(Dataset items)
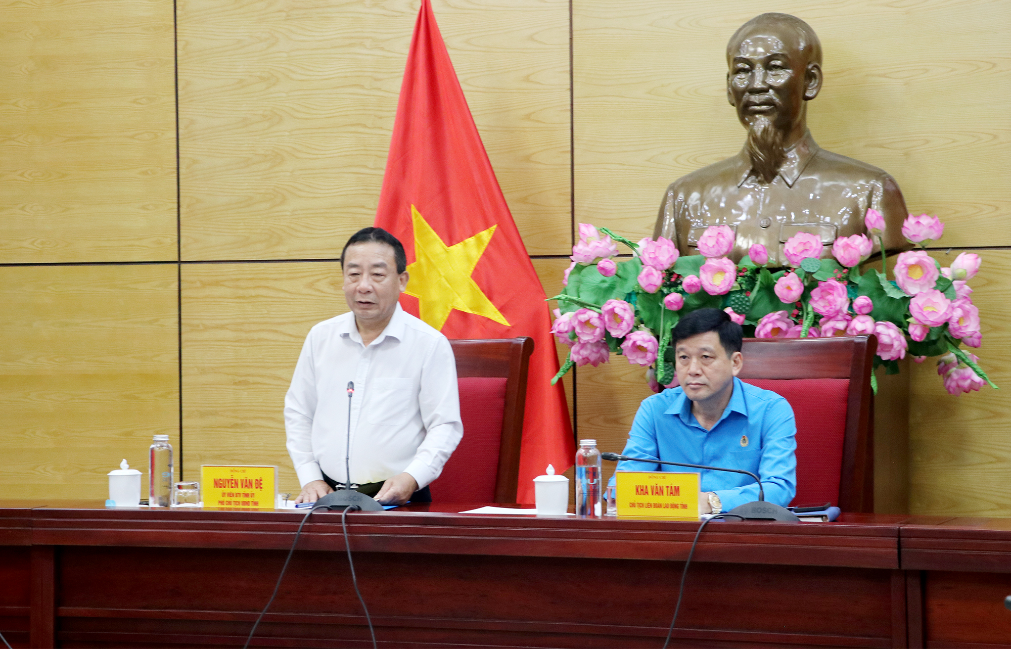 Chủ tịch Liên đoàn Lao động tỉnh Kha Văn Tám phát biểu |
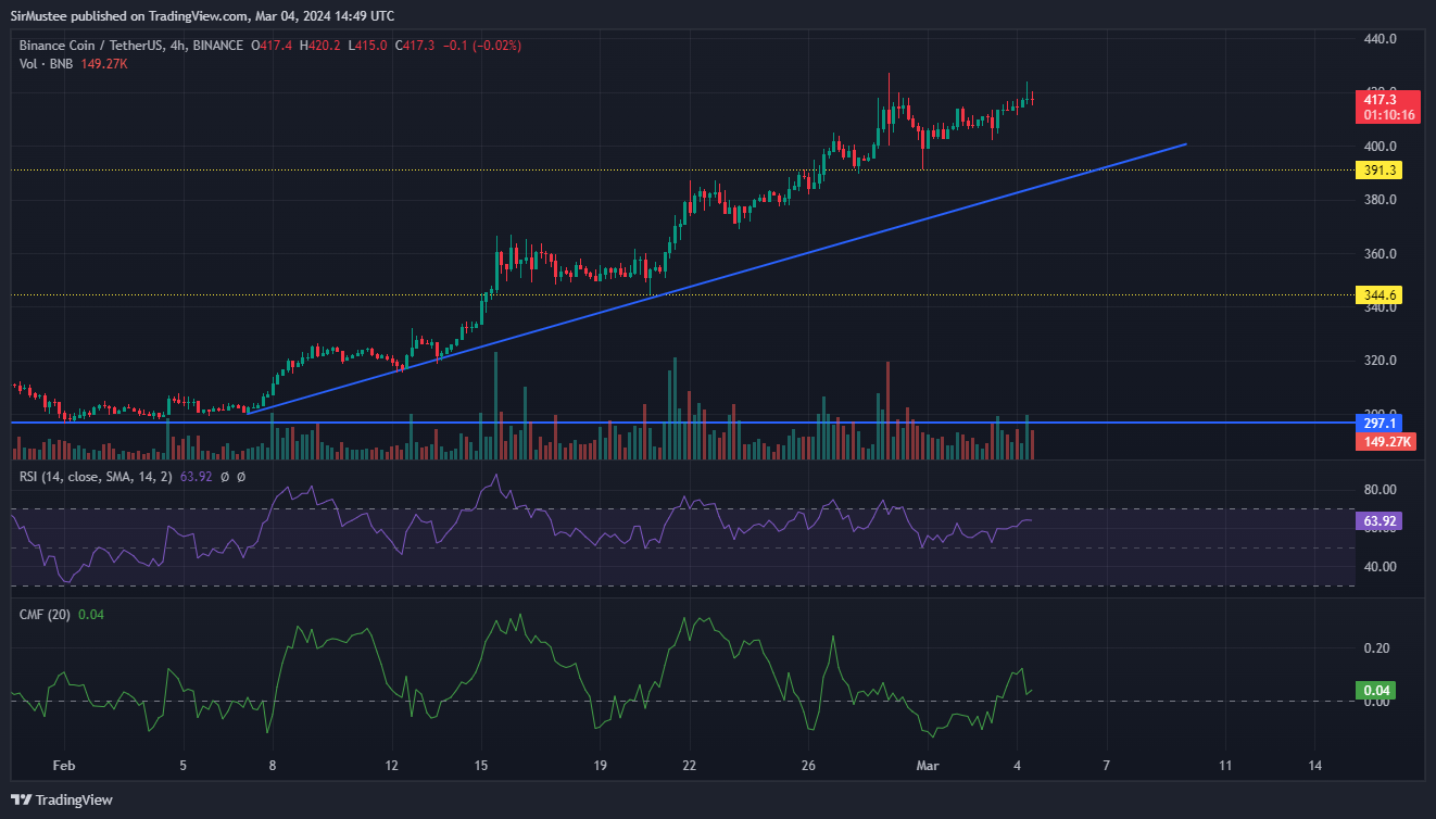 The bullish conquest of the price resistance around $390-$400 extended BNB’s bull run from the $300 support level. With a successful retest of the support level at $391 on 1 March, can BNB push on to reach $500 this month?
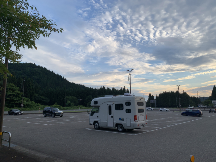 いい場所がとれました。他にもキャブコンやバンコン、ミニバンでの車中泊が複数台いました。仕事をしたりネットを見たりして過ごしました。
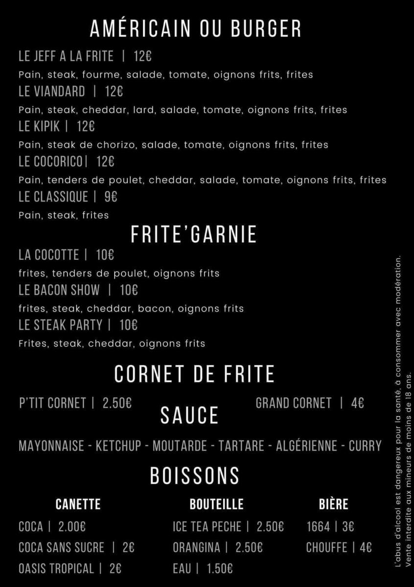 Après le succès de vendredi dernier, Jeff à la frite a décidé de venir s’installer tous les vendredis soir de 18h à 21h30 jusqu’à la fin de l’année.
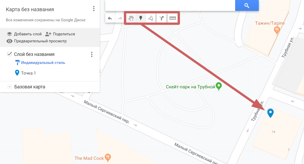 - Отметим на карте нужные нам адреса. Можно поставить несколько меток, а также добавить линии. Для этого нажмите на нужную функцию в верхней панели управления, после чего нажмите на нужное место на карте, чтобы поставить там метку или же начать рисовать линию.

TASK DESCRIPTION | Write out exactly the lines that run from the one containing "いい場所がとれました。他にも" to the last line of the entries above, both ends kept, pictures left out.

SOLVED EXERCISE |
 いい場所がとれました。他にもキャブコンやバンコン、ミニバンでの車中泊が複数台いました。仕事をしたりネットを見たりして過ごしました。
 Après le succès de vendredi dernier, Jeff à la frite a décidé de venir s’installer tous les vendredis soir de 18h à 21h30 jusqu’à la fin de l’année.
 - Отметим на карте нужные нам адреса. Можно поставить несколько меток, а также добавить линии. Для этого нажмите на нужную функцию в верхней панели управления, после чего нажмите на нужное место на карте, чтобы поставить там метку или же начать рисовать линию.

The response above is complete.